Year two…

It’s one of those days where I’m torn between my past and future.  Anniversary’s do that and yet, marking a bad day as an anniversary hardly seems the right thing to do… but we do.

We remember negative dates… the Air India Disaster, 9/11, John Kennedy’s Assassination, the Challenger Explosion and numerous other horrible days.  Many wars and events are remembered year after year… often people recalling the very place they were when an event occurred with details lodged in our memories.  We attach emotion to such dates… forever changing who we are as there is a great desire to learn from our past in order to move us forward.

Two years ago today my entire world came to a grinding halt.  While my little date in history doesn’t compare to the multiple heinous events that have shaped our world… to me, it’s a day I will never forget.  Every detail, every moment forged in my mind… replayed in slow motion… surreal.

It took awhile for me to fully comprehend what had happened.  I was so wrapped up in the demise of my marriage that I couldn’t believe the rest of the world was moving on while something so tragic was happening.  I remember driving by Starbucks wanting to yell at the people inside that they were crazy… life had stopped… why in the hell were they drinking coffee and acting normal when everything I knew as normal was gone?

Yet life went on.

As crazy and unbelievable as things were for me… life went on.

Eventually it hurt a little less.  I started to breathe.  Stopped feeling like a failure.  Stopped blaming myself.  Started to live again.

While I hardly want to pay credence to this one day… this one event in my life… it has changed me.  With each year that passes this day… it gets better.  I continue to move forward.  I am a better person for getting through the struggles of the last two years.  I am a stronger more confident person than I have ever been.  I am thankful for the opportunity to grow as a human being as no matter how difficult that day was and how much I wish to forget it… it is the starting point to measure how much I’ve accomplished and how grateful I am for all life has given me.

I’ve spent the last two years driving forward while looking in the rearview mirror… but no longer.  I’m looking ahead.  Excited about where I’m going… and what lies before me.

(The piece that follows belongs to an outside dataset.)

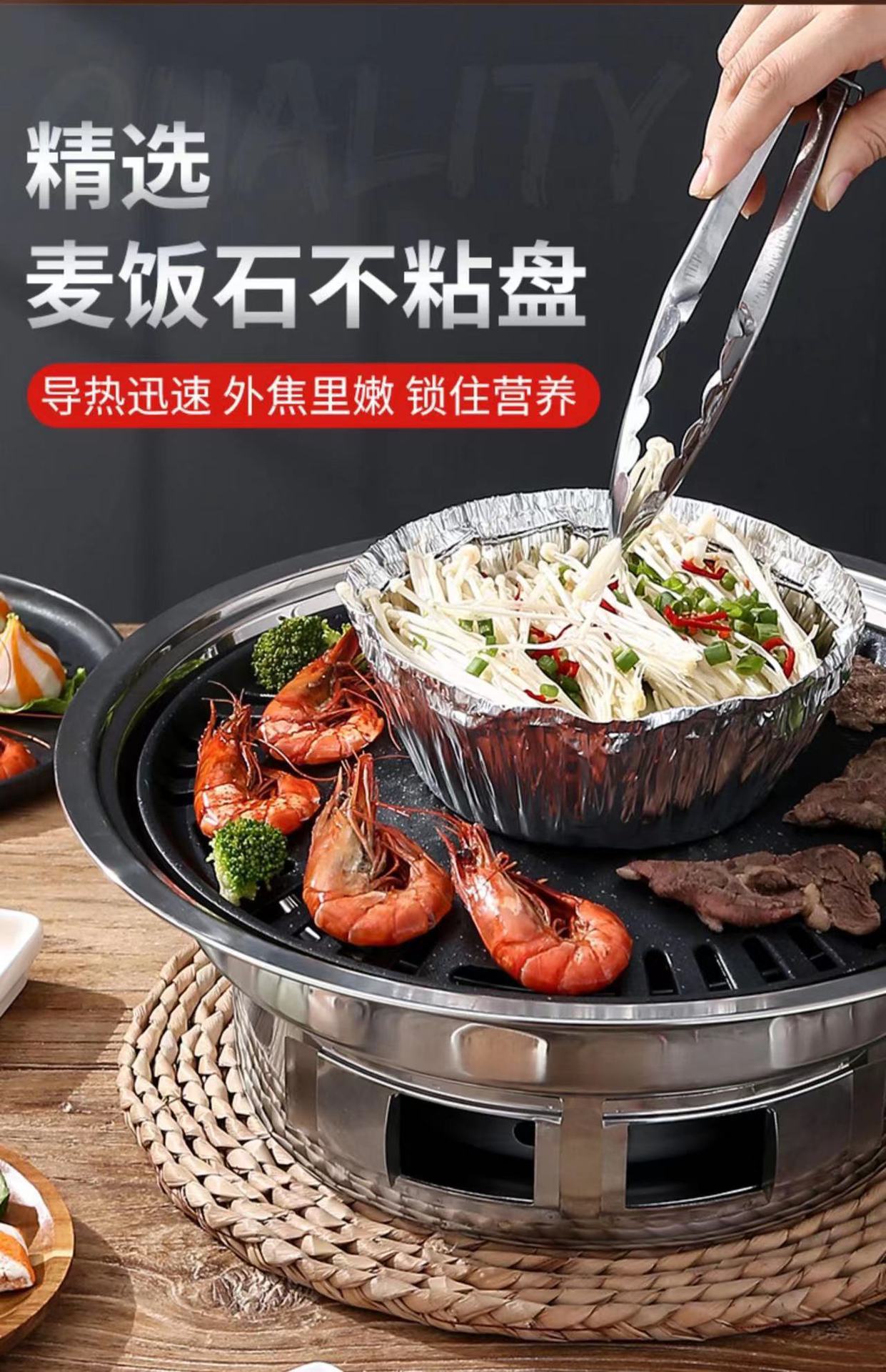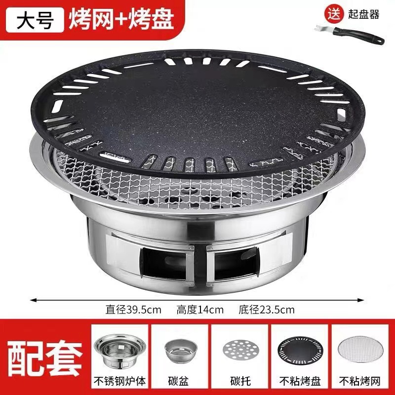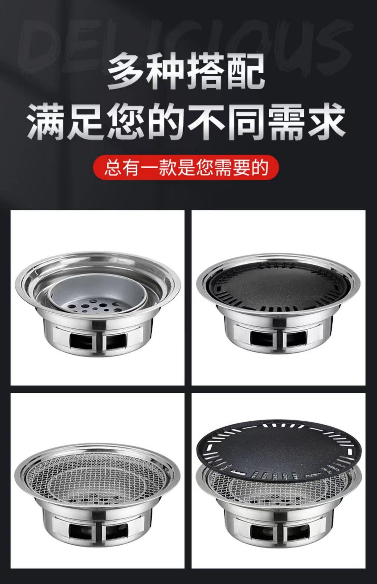 한국 숯불 바베큐 그릴 상업용 원형 스테인레스 스틸 바베큐 그릴 가정용 실내 소형 휴대용 야외 숯불 그릴스토어 가기

Two years ago my entire world came to a grinding hault yet life went on… and finally… after two long years I can finally say… I’m enjoying the ride.

4 Replies to “Year two…”

  1. Thank you for being so transparent at a time when your instinct would be to shut down. Your words are inspiring, funny, sometimes sad, but always hopeful. Thank you!

  2. As your world exploded you managed to make it through the rubble with grace. As Wilbur's father said in Meet the Robinsons, "Keep moving forward." The moral of this movie is a quote from Walt Disney, "Around here, however, we don't look backwards for very long. We keep moving forward, opening up new doors and doing new things… and curiosity keeps leading us down new paths." You're doing it; you're moving forward and as each day passes, it will get easier.

    Lorelei

  3. All of you… thanks. It's been wonderful having so much support. This blog has provided a wonderful outlet for me… even if I do keep SOME things private!!!